# Task description
Only one range belongs in the answer: the line holding "Manjushri is shown" through the last line of the records, reproduced as is.

# Excerpts from a dataset
--------------------------------------------------
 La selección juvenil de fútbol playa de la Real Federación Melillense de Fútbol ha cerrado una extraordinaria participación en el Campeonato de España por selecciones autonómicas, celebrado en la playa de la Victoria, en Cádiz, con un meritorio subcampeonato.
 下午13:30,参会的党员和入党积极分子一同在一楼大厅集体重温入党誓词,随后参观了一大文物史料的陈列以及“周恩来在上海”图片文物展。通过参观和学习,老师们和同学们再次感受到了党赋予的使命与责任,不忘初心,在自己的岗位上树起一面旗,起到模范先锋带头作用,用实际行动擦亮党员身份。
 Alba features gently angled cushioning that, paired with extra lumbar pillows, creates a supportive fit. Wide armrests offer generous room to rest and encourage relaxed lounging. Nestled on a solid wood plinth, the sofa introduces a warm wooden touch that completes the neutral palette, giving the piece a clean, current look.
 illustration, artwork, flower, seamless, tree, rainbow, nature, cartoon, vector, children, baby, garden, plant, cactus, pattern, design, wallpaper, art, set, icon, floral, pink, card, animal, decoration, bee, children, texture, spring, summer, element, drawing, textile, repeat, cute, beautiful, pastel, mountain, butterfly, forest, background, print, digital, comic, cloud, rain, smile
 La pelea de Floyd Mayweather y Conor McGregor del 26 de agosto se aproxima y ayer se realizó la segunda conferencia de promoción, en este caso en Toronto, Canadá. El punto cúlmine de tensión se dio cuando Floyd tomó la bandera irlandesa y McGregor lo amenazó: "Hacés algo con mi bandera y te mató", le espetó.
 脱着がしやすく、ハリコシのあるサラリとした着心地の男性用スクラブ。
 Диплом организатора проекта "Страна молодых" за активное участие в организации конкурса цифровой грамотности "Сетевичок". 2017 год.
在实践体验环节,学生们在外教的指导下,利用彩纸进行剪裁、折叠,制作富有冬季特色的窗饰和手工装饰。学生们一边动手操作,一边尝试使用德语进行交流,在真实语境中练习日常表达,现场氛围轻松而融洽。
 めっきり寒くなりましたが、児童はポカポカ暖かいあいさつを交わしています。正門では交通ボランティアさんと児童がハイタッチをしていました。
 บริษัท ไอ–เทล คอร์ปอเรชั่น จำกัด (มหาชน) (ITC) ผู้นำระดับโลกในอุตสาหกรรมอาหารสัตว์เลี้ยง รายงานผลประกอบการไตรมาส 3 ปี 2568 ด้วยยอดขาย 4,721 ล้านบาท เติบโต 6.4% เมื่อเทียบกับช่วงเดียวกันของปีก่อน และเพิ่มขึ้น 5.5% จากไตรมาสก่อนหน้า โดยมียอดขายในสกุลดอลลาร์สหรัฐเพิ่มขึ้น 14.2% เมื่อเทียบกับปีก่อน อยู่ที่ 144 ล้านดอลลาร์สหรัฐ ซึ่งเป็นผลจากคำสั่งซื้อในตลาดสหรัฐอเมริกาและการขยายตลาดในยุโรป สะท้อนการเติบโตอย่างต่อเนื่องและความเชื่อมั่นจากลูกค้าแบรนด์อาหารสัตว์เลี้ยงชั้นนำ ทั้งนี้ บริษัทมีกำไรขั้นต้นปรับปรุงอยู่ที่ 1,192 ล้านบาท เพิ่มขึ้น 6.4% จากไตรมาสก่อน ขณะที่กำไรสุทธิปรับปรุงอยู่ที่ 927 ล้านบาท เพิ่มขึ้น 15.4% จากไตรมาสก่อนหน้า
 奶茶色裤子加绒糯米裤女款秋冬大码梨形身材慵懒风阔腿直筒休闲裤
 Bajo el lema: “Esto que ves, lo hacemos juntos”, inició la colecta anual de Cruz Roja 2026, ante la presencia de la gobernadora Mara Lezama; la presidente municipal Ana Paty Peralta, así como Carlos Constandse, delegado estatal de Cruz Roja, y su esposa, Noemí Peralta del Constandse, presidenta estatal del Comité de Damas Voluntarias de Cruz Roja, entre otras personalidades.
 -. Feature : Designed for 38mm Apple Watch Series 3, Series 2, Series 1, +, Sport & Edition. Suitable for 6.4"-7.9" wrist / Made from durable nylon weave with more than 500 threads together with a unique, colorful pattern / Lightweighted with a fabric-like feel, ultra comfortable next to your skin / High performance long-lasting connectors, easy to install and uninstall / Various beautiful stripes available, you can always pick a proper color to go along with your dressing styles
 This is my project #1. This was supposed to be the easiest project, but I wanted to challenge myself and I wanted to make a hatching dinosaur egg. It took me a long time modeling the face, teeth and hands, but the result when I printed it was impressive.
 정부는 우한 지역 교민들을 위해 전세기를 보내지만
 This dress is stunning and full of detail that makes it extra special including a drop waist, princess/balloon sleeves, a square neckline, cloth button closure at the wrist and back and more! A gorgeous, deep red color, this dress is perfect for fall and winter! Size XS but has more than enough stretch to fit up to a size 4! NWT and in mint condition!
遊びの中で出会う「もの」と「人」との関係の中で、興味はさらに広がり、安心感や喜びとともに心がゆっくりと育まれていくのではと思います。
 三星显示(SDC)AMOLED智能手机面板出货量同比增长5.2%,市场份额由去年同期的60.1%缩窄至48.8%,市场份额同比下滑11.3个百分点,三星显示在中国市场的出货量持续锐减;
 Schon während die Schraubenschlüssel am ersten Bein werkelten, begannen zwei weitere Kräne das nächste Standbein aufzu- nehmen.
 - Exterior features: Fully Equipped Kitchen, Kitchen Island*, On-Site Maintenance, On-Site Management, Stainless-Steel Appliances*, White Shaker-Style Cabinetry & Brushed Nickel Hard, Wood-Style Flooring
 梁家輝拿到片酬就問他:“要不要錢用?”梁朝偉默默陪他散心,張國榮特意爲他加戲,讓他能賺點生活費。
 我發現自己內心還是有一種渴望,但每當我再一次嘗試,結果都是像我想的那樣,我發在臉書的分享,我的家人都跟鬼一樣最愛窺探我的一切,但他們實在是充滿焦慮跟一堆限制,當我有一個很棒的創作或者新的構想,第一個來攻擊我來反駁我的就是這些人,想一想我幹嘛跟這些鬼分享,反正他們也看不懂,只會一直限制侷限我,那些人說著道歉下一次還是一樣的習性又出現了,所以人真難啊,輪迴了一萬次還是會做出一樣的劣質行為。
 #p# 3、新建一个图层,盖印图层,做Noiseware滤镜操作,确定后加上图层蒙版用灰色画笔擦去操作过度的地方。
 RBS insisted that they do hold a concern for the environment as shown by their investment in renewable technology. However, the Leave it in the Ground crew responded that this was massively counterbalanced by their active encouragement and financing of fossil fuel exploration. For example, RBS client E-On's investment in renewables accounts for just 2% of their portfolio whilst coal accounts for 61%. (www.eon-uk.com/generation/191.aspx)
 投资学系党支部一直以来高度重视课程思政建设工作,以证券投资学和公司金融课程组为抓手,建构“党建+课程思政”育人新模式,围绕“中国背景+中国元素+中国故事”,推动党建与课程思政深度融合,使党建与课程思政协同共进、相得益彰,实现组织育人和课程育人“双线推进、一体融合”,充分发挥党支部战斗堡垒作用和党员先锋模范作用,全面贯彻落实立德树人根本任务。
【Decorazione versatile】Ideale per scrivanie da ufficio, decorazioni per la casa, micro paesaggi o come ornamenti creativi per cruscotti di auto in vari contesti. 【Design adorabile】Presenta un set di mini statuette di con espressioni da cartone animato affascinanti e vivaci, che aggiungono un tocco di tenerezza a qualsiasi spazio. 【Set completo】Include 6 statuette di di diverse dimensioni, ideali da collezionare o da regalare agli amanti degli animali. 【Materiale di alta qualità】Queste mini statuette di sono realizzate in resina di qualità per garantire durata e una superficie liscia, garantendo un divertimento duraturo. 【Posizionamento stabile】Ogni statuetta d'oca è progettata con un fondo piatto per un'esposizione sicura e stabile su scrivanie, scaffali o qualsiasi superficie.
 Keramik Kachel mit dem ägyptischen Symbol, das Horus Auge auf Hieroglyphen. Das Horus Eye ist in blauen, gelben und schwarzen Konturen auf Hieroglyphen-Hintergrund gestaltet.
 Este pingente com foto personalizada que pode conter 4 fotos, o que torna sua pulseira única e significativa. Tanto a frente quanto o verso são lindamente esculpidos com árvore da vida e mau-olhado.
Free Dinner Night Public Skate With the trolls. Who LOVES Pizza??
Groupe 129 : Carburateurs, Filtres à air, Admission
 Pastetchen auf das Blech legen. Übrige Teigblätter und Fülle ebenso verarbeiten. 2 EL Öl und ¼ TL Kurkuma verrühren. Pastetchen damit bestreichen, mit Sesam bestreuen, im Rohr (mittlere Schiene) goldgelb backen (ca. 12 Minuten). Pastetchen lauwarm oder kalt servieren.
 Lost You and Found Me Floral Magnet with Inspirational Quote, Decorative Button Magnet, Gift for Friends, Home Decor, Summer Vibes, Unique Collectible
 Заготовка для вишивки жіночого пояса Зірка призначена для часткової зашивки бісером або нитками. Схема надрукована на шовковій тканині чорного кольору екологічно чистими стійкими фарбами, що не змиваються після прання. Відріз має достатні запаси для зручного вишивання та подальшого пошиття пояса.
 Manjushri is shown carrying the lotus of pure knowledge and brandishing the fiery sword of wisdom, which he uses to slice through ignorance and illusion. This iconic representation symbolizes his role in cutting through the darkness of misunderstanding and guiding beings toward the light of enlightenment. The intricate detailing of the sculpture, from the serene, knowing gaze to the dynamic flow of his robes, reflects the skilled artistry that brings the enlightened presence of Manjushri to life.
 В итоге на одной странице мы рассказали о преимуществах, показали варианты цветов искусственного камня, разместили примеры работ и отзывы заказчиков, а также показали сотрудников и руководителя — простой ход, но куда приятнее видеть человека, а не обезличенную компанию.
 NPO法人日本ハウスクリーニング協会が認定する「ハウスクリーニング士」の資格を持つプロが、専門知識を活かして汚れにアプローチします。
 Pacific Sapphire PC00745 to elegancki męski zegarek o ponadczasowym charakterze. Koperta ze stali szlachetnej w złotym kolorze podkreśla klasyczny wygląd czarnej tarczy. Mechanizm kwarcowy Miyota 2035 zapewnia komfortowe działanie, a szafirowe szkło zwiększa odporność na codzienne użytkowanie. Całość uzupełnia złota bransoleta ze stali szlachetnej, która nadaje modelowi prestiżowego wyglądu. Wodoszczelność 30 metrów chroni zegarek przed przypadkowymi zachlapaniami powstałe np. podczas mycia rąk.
--------------------------------------------------
# Response below
 Manjushri is shown carrying the lotus of pure knowledge and brandishing the fiery sword of wisdom, which he uses to slice through ignorance and illusion. This iconic representation symbolizes his role in cutting through the darkness of misunderstanding and guiding beings toward the light of enlightenment. The intricate detailing of the sculpture, from the serene, knowing gaze to the dynamic flow of his robes, reflects the skilled artistry that brings the enlightened presence of Manjushri to life.
 В итоге на одной странице мы рассказали о преимуществах, показали варианты цветов искусственного камня, разместили примеры работ и отзывы заказчиков, а также показали сотрудников и руководителя — простой ход, но куда приятнее видеть человека, а не обезличенную компанию.
 NPO法人日本ハウスクリーニング協会が認定する「ハウスクリーニング士」の資格を持つプロが、専門知識を活かして汚れにアプローチします。
 Pacific Sapphire PC00745 to elegancki męski zegarek o ponadczasowym charakterze. Koperta ze stali szlachetnej w złotym kolorze podkreśla klasyczny wygląd czarnej tarczy. Mechanizm kwarcowy Miyota 2035 zapewnia komfortowe działanie, a szafirowe szkło zwiększa odporność na codzienne użytkowanie. Całość uzupełnia złota bransoleta ze stali szlachetnej, która nadaje modelowi prestiżowego wyglądu. Wodoszczelność 30 metrów chroni zegarek przed przypadkowymi zachlapaniami powstałe np. podczas mycia rąk.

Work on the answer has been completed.